Skana deflated. She nodded curtly to the administrator and led me out into the waiting room, where the woman in the red suit touched an old Scansfer to my Deywatch. "Here you are Sir, your preparation pack."
The screen lit up red. "So, you're going to die." scrolled across the screen.
"Thanks," I mumbled, and followed Skana out on to the street.
"What just happened?" I asked as we walked away from the House of Law.
"Carvern law," she said. She let out a noise of frustration. "Perhaps we can appeal."
I shrugged. "How do we do that?"
We turned a corner and she stopped. I followed her gaze.
"Is that the Supreme Law office?" I asked. A line of people holding red cards stretched out down the street. "How long do you think it takes to process an application?" I asked.
She looked down at her feet and shook her head. "There is not time."
I put an arm around her. "Hey, you tried at least. Hey, would you mind looking after Frolic after I'm gone? He doesn't need much—we use meal caps, and I have a good ninety days' supply in my bag. He doesn't cost much to look after. He's really low maintenance? Please?"

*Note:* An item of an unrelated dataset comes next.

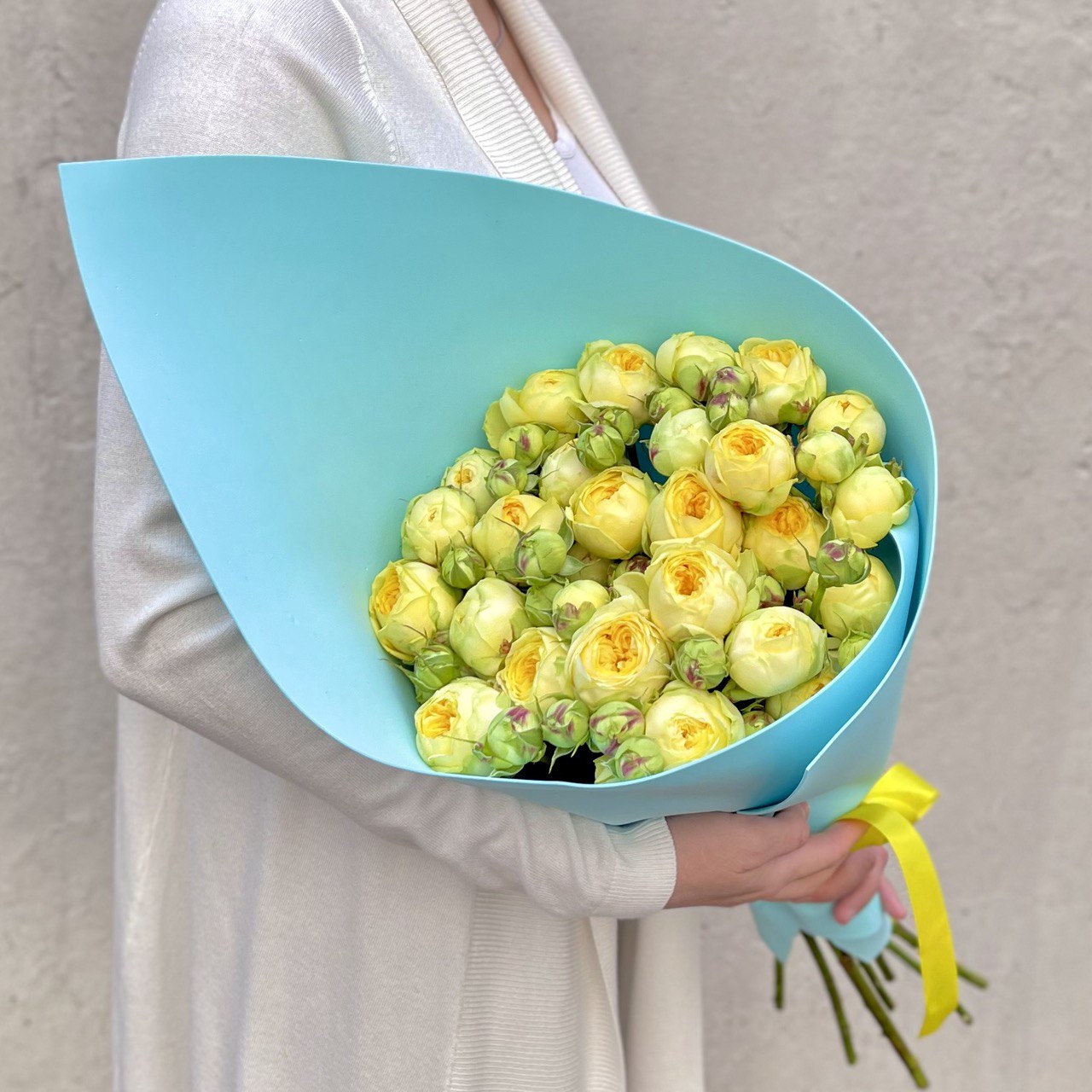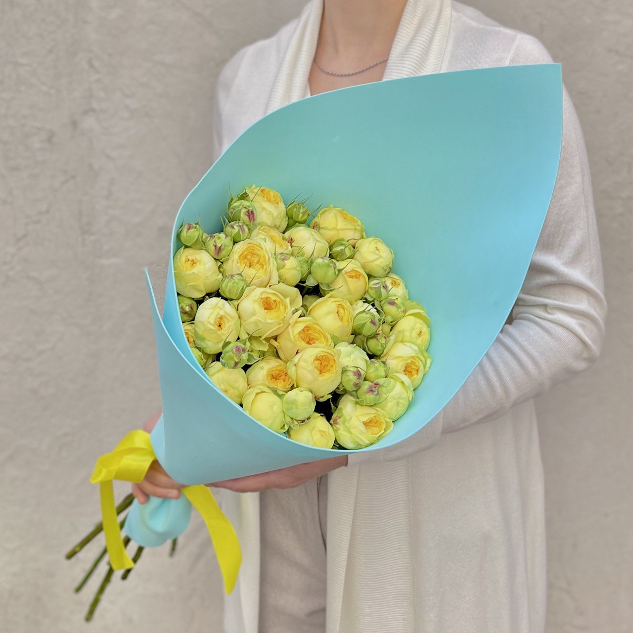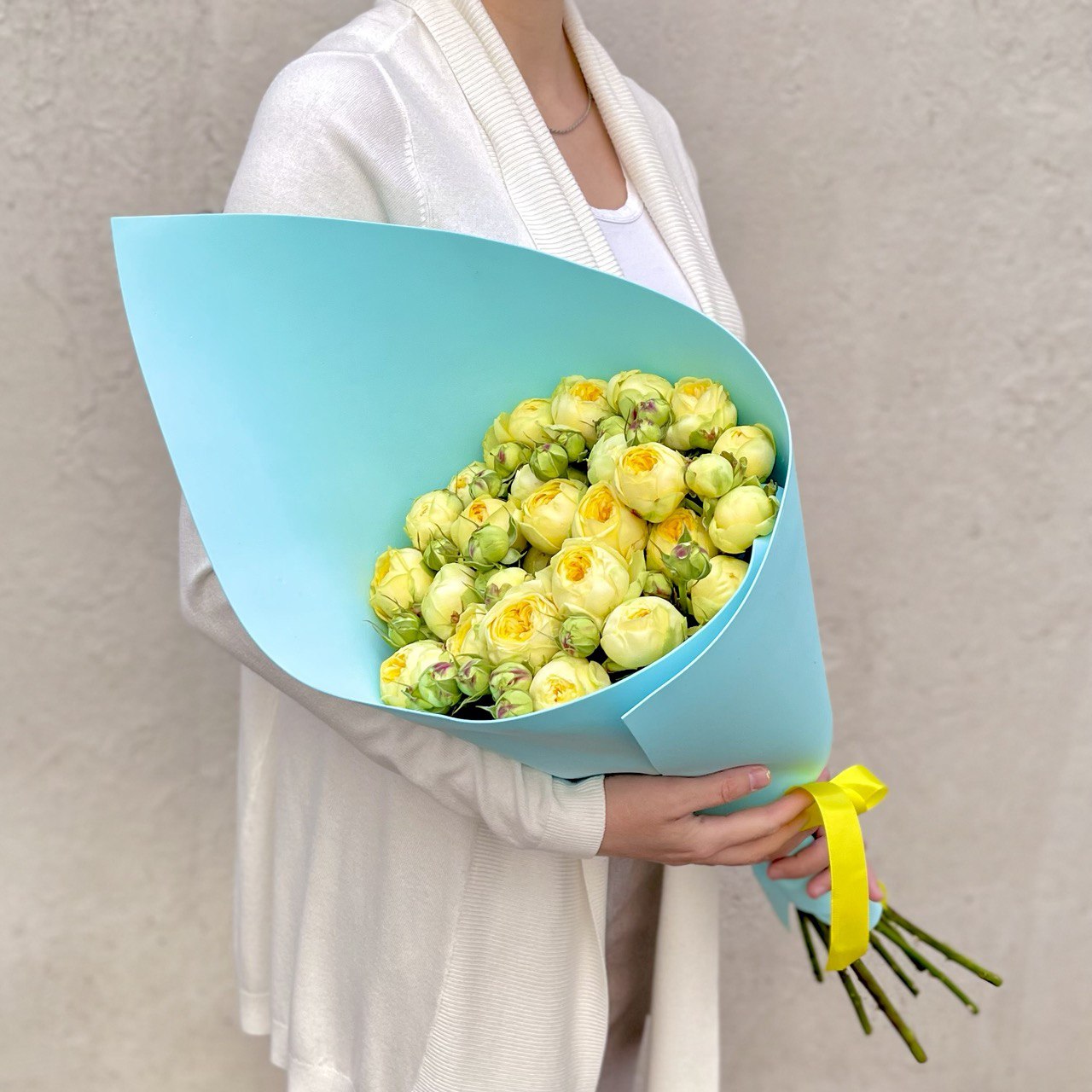 Роза пионовидная, кустовая «Пиони Баблс» — 9 шт., фирменная упаковка, атласная лента.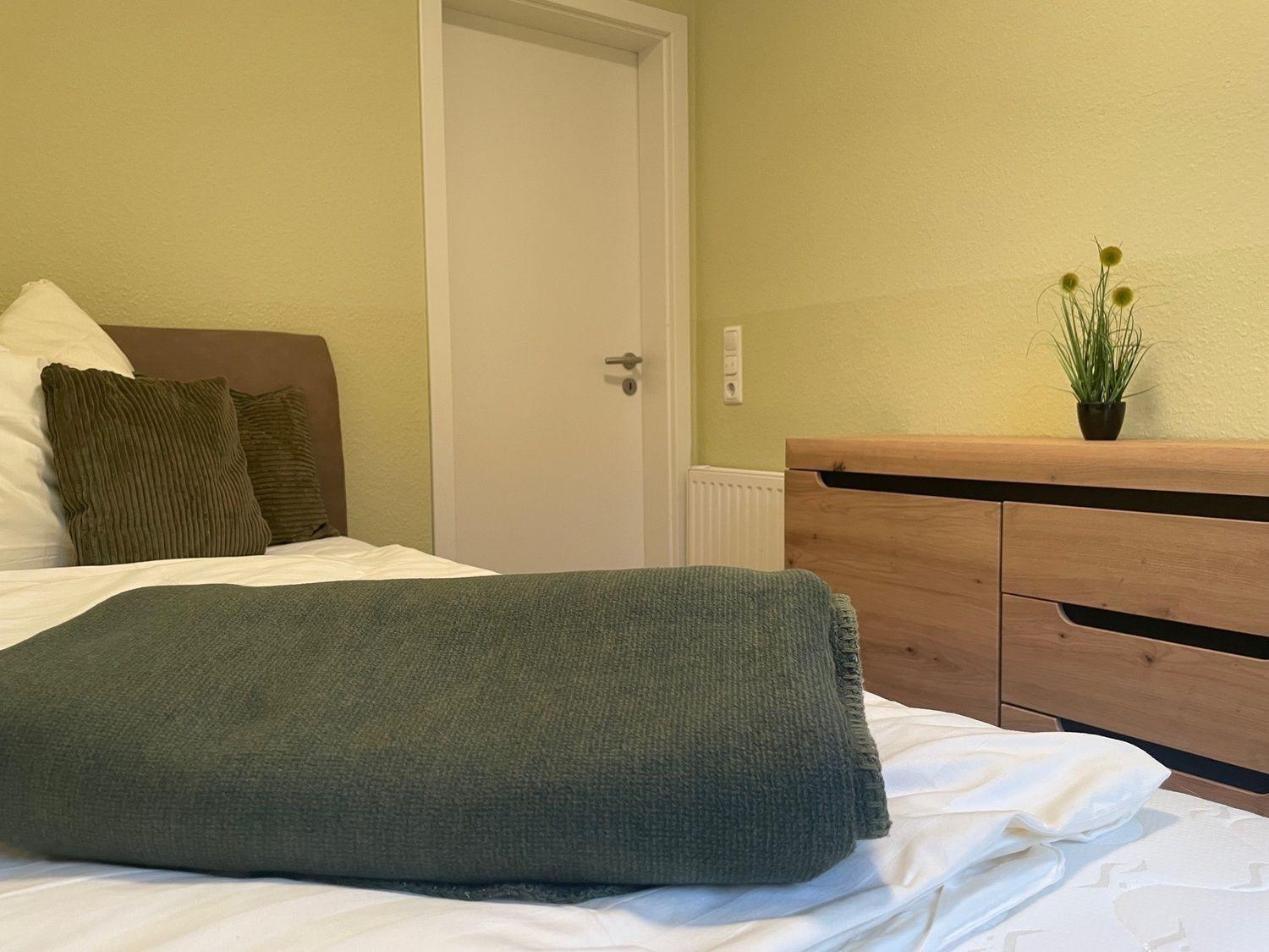 Hochwertiges Box-Springbett mit 2 Leselampen; Panasonic TV-Flachbildschirm 40“; Kommode ; freistehende Kleiderstange mit Bügeln; Plissee

She pulled away and scowled at me. "You're not going to die. Stop talking like that. We're going to leave."
She started walking again and Frolic and I fell into step with her.
"Start making sense," I said. "My brain's stellar-lagged and I've got a hell of a headache starting up."
"We need to get off this planet. We need to charter an FTL ship and we need to follow the Light Pass."
I stopped and grabbed her arm. "Whoa, whoa, what? You want to follow the Light Pass?"
Frolic sat and looked at her with an expression that looked a lot to me like grave concern.
"The arc has almost finished. I've been tracking it since I got here. If we want to follow it, we need to leave as soon as possible."
I shook my head. "Why would we follow it? It destroys everything!"
She rolled her eyes and pushed past me. "I told you, nothing's destroyed. We just don't know where it is.” She started walking again.
Frolic glanced at me and gave a small yip. I sighed and followed her, Frolic trotting at my heels.
"Do you have credits?" she asked me as we walked.
"Some.” Actually, come to think of it, I had a lot. Most of it stolen. After all, Iata was being consumed—it made sense to transfer whatever wealth I could to my account.
"We charter a ship. Now."
"Right now? How?"
She rounded on me, her golden eyes flashing with anger.
"Stop being a child. Make an effort to save yourself. You did it once—do it again. We need to get to the port now, so stop talking and start walking!"
I did as she said. Curiosity should be my middle name. I'll do anything to find out what happens next.